Though Wilson clearly intends Eli to be pathetic, we also sympathize with him. Eli’s laziness may arise from existential despair. His drug addictions could be to fill the void left by our spiritually-depraved culture: “Our mezuzah was still the doorway. A relic, not just from my old family, but from an old world where God existed.” Eli is sensitive (he cries numerous times throughout the novel), and loves to cook; all he needs is a woman to cook for. He understands that “everyone just needs someone to make them feel like death isn’t a better option.” He isn’t motivated to get a job because he is aware, in theory, that his dad is rich and could give him money, though he also is aware, in fact, his dad is no longer giving him money and that he needs to get a job because he has no cash. Though the book focuses so much on Eli that the other characters never get past playing supporting roles, Wilson avoids the usually monotony of first person coming-of-age novels (I did this, I did that) by his pared writing style; he drops pronouns and prepositions: “Rolled the illest joint I could manage. Kahn handed me my own giant crystal goblet.”

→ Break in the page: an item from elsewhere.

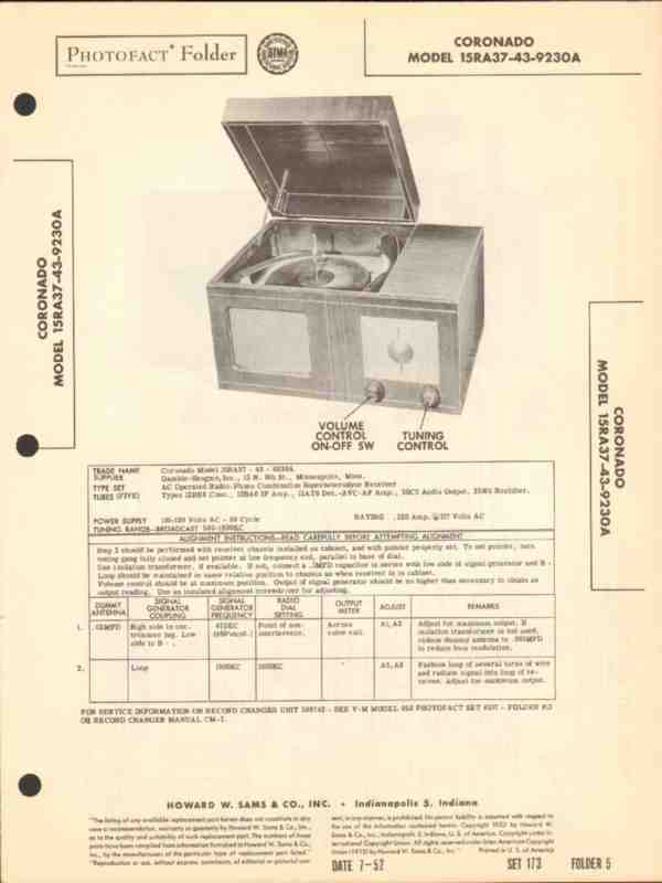 Vintage CORONADO model 15RA37-43-9230A 5 tube combination Superheterodyne AM radio receiver with phonograph record player. Original old Sams Photofact manual includes schematic, layouts, alignment info, voltage & resistance test chart, repair parts list. 4 pages. Dated 1952. Gamble-Skogmo Inc. of Minneapolis, MN.

Besides the laugh-out loud passages or innovations of linguistic style (“hair assholically gelled”), Flatscreen encompasses more than just Eli’s descent towards rock-bottom and his attempts to “get his shit together.” Wilson hints the novel addresses the decline of American civilization: “Was it true I’d missed the party? I’d heard a professor on NPR’s On Point talking decline of the empire. Romans and Greeks had their fun, look what happened. This was it for us: reality TV, virtual reality, planes into buildings.”
It’s not too hard to image the American people symbolized by Eli; dressed in a bathrobe, living off the fruits of our parents’ labor, and aware that before we can rise again, we have nowhere to go but down.